» **Problem**:
Every line of the listing should be retyped exactly, but none of the pictures should be.

Start of Information supplied

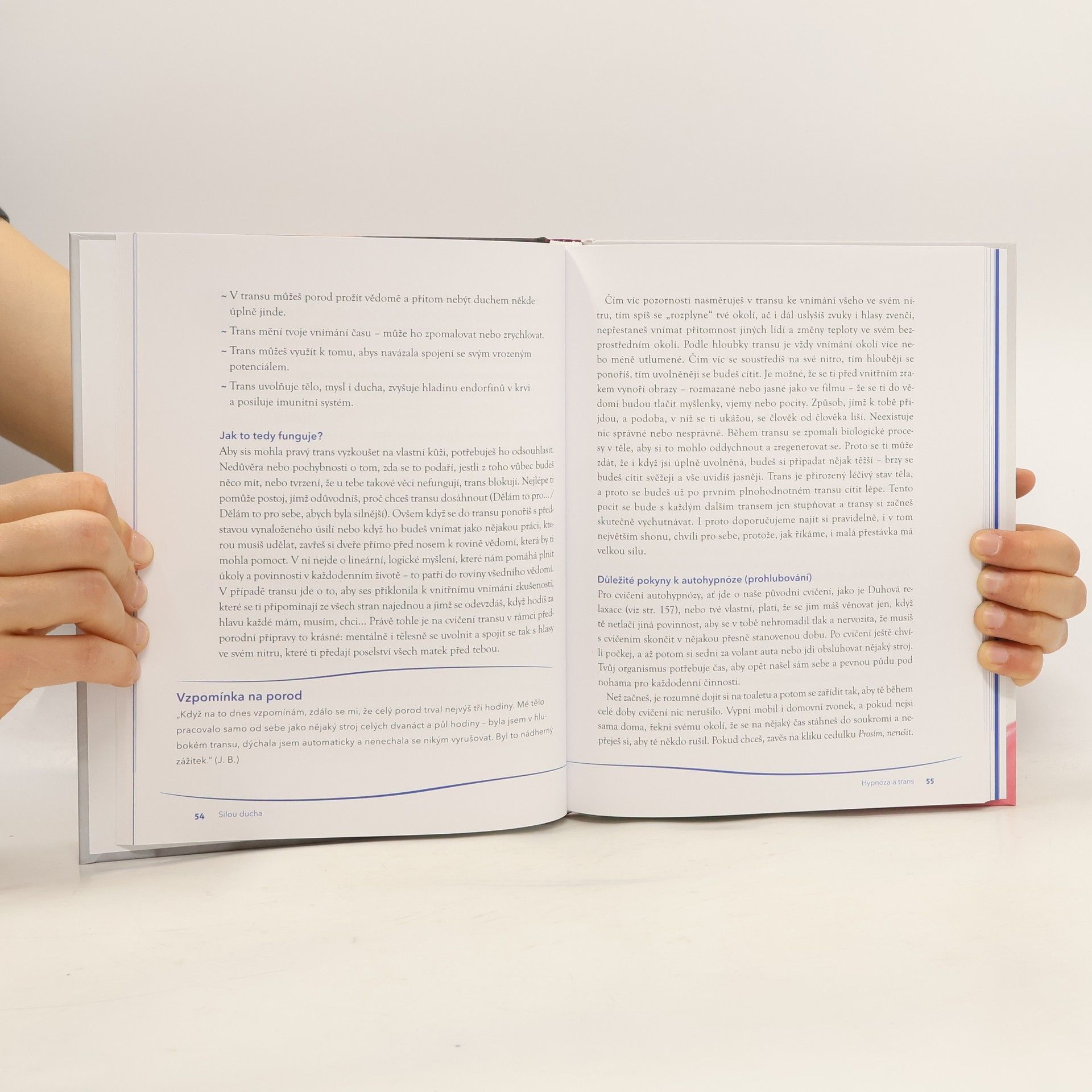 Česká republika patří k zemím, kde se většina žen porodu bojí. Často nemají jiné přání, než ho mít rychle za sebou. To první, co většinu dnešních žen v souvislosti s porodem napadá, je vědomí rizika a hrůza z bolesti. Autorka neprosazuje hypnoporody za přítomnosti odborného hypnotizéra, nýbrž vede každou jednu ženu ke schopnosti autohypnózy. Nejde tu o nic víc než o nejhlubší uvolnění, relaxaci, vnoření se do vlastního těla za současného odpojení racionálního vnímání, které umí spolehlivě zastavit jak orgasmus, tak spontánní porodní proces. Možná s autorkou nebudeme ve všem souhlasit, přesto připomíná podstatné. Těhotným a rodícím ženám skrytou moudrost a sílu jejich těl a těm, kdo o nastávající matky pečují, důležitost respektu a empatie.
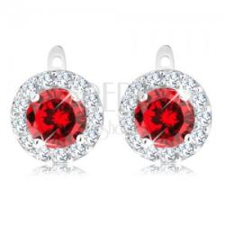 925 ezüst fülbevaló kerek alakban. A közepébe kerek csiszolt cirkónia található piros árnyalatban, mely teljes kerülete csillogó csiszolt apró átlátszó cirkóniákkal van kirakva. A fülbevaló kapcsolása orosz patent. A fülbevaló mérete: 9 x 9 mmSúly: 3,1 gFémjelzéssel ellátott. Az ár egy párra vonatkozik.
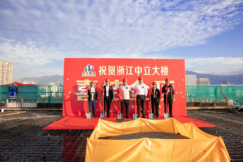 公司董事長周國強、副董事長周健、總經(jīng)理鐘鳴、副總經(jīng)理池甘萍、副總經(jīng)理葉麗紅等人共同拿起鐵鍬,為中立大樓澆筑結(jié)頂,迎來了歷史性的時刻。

End of Information supplied

» **Written response**:
 Česká republika patří k zemím, kde se většina žen porodu bojí. Často nemají jiné přání, než ho mít rychle za sebou. To první, co většinu dnešních žen v souvislosti s porodem napadá, je vědomí rizika a hrůza z bolesti. Autorka neprosazuje hypnoporody za přítomnosti odborného hypnotizéra, nýbrž vede každou jednu ženu ke schopnosti autohypnózy. Nejde tu o nic víc než o nejhlubší uvolnění, relaxaci, vnoření se do vlastního těla za současného odpojení racionálního vnímání, které umí spolehlivě zastavit jak orgasmus, tak spontánní porodní proces. Možná s autorkou nebudeme ve všem souhlasit, přesto připomíná podstatné. Těhotným a rodícím ženám skrytou moudrost a sílu jejich těl a těm, kdo o nastávající matky pečují, důležitost respektu a empatie.
 925 ezüst fülbevaló kerek alakban. A közepébe kerek csiszolt cirkónia található piros árnyalatban, mely teljes kerülete csillogó csiszolt apró átlátszó cirkóniákkal van kirakva. A fülbevaló kapcsolása orosz patent. A fülbevaló mérete: 9 x 9 mmSúly: 3,1 gFémjelzéssel ellátott. Az ár egy párra vonatkozik.
 公司董事長周國強、副董事長周健、總經(jīng)理鐘鳴、副總經(jīng)理池甘萍、副總經(jīng)理葉麗紅等人共同拿起鐵鍬,為中立大樓澆筑結(jié)頂,迎來了歷史性的時刻。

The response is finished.